Go through the listing below and write out exactly the lines from the one that mentions "推荐采用空气喷涂或无气喷涂方" through the one that mentions "Es una pena", minus the pictures.

**Records to process**
== Segment start ==

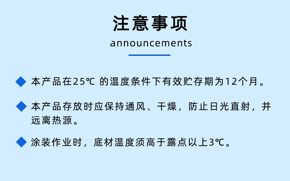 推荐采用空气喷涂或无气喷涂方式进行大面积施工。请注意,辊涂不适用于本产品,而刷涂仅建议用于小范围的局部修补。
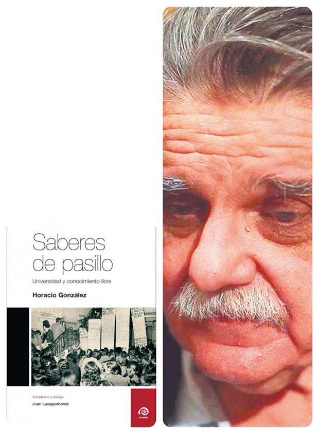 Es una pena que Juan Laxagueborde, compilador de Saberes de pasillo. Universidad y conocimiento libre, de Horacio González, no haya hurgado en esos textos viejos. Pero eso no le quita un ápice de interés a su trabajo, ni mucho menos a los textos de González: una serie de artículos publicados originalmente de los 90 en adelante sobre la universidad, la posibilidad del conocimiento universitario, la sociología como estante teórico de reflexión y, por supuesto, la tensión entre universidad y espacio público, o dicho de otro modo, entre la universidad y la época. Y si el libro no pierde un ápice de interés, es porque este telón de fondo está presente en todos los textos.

== Segment end ==
== Segment start ==

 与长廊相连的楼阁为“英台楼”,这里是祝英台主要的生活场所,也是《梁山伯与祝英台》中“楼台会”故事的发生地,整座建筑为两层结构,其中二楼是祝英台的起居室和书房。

== Segment end ==

**Problem solution**
 推荐采用空气喷涂或无气喷涂方式进行大面积施工。请注意,辊涂不适用于本产品,而刷涂仅建议用于小范围的局部修补。
 Es una pena que Juan Laxagueborde, compilador de Saberes de pasillo. Universidad y conocimiento libre, de Horacio González, no haya hurgado en esos textos viejos. Pero eso no le quita un ápice de interés a su trabajo, ni mucho menos a los textos de González: una serie de artículos publicados originalmente de los 90 en adelante sobre la universidad, la posibilidad del conocimiento universitario, la sociología como estante teórico de reflexión y, por supuesto, la tensión entre universidad y espacio público, o dicho de otro modo, entre la universidad y la época. Y si el libro no pierde un ápice de interés, es porque este telón de fondo está presente en todos los textos.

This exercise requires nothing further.